Parler de Boualem Bessaih, celui qui fut homme d’Etat, écrivain, poète et diplomate, vous rappelle immanquablement que sa vie était bien remplie. Il ne s’agit pas ici de la relater sa vie ou de la décrire mais seulement de s’arrêter à certaines étapes de son parcours singulier, pour en retenir les moments forts, afin de tenter de lui rendre l’hommage qu’il mérite, tant il est vrai que son humilité coutumière est l’apanage des grands hommes.
Durant toute sa vie, passée dans les plus hautes sphères de l'État et de la diplomatie, Boualem Bessaih a été un grand diplomate, mais aussi un homme de plume.

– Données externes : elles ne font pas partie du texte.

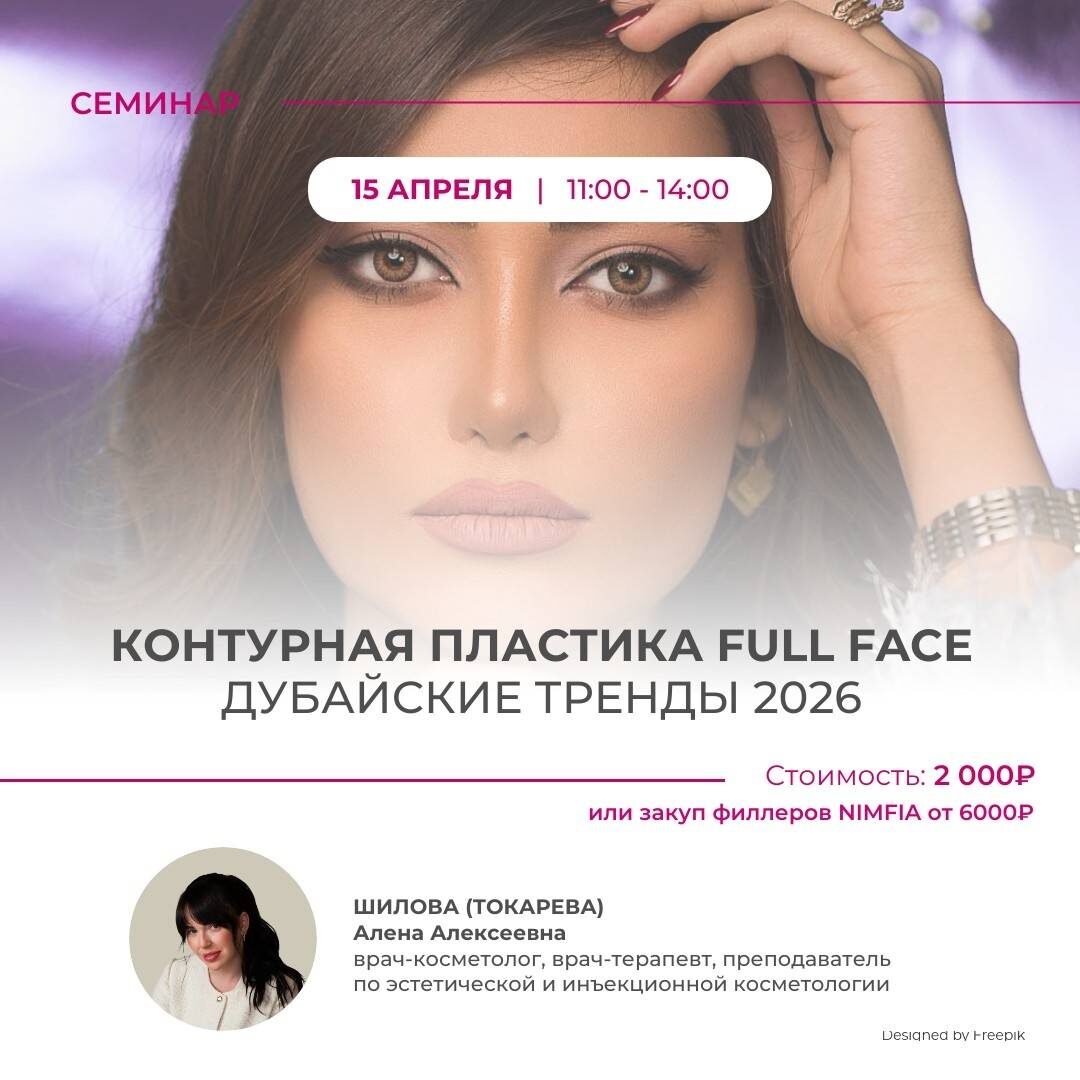 Семинар для косметологов-инъекционистов по современным методам контурной пластики лица с комплексным подходом Full face. Рассмотрены новейшие техники, материалы и тренды, включая акцент на естественность и минимальную инвазивность. Начало: 15 апреля 2026 11:00 Окончание: 15 апреля 2026 14:00 Стоимость: 6000.0 руб. Адрес: г Омск, ул Куйбышева, д 62 Организатор: https://vk.com/public165246881 Семинар «Контурная пластика Full face. Дубайские тренды 2026» Категория слушателей: косметологи-инъекционисты Дата и время: 15 апреля, 11.00-14.00 В программе: На семинаре будут рассмотрены современные методы контурной пластики лица с применением комплексного подхода Full face. Особое внимание уделено новейшим тенденциям и техникам, которые актуальны в Дубае в 2026 году: использование инновационных... #тело_косметология Узнать подробности, адрес или записаться на событие.

«Que dire de cette source jaillissante de sagesse et de mesure, de littérature et d'art, de poésie et de finesse, de diplomatie pondérée et de politique avisée, d'expérience longue et émérite, de fidélité en amitié et de loyauté à la patrie, de vertus et de valeurs. Des qualités qui ont fait sa grandeur, une grandeur à la hauteur des missions qu'il a habilement assumées dans toutes les fonctions qu'il a occupées avec mérite», a écrit le Président Bouteflika dans un message à son adresse.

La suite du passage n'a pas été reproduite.